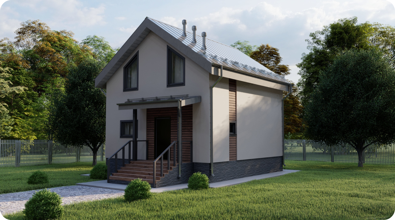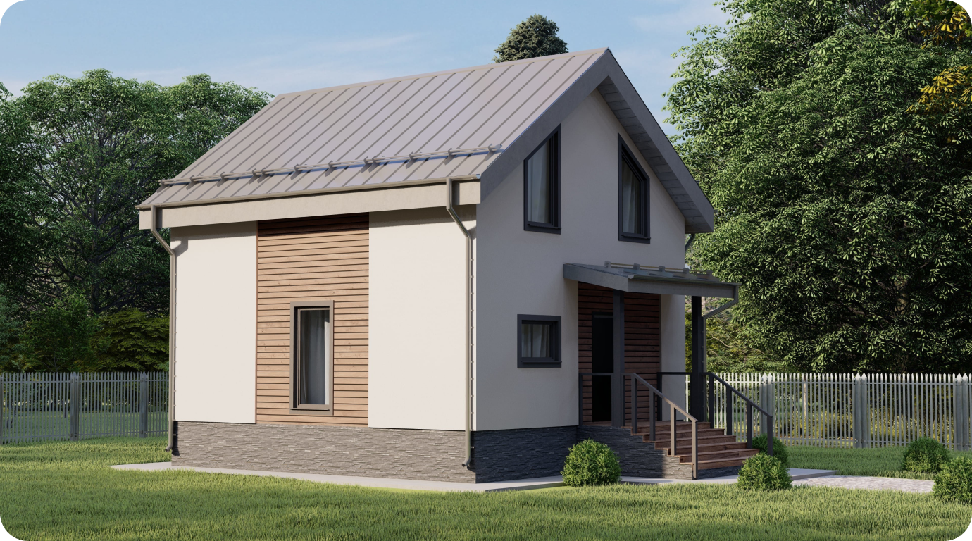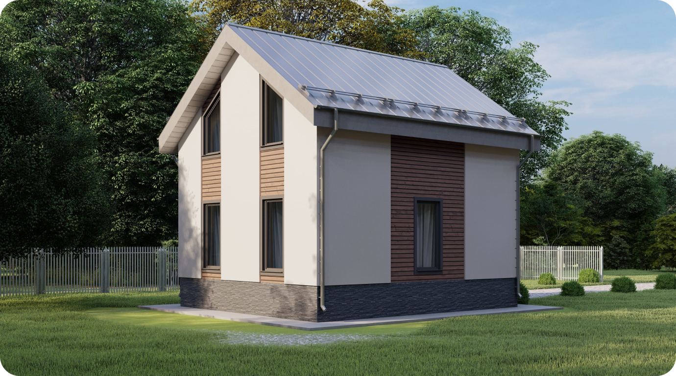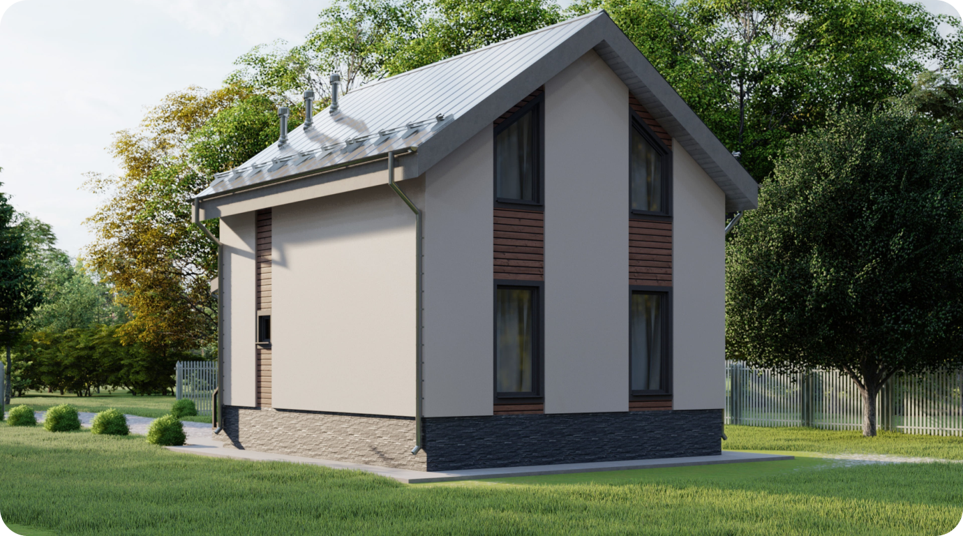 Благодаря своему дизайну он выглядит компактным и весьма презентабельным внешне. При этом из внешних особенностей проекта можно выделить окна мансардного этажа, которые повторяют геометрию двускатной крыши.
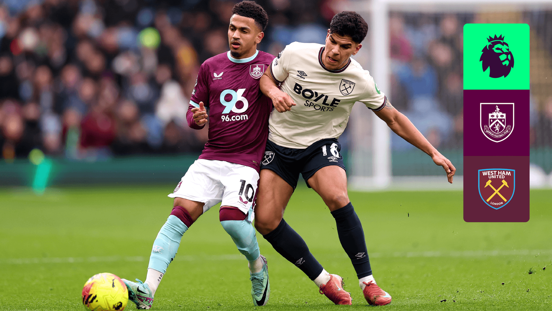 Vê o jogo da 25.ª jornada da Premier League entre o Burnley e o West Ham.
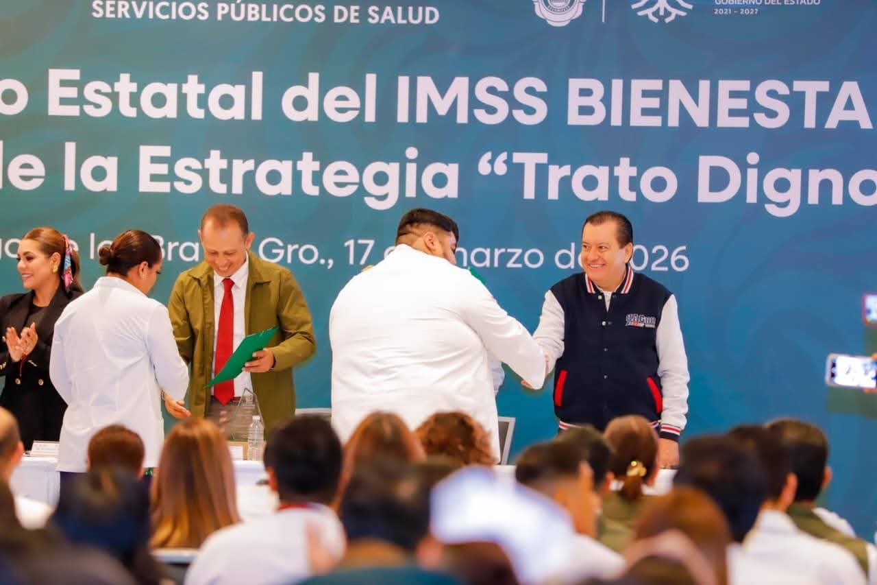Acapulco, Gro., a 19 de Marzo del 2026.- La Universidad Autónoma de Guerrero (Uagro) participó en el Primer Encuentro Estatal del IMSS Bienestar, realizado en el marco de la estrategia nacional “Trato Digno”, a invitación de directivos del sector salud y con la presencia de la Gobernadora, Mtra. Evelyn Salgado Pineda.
══════
§ **Work item**:
What you write should match, word for word, the lines from the one containing "Vê o jogo da" to the end of the listing, with both ends kept and the pictures left out.

§ **Result of the exercise**:
 Vê o jogo da 25.ª jornada da Premier League entre o Burnley e o West Ham.
Acapulco, Gro., a 19 de Marzo del 2026.- La Universidad Autónoma de Guerrero (Uagro) participó en el Primer Encuentro Estatal del IMSS Bienestar, realizado en el marco de la estrategia nacional “Trato Digno”, a invitación de directivos del sector salud y con la presencia de la Gobernadora, Mtra. Evelyn Salgado Pineda.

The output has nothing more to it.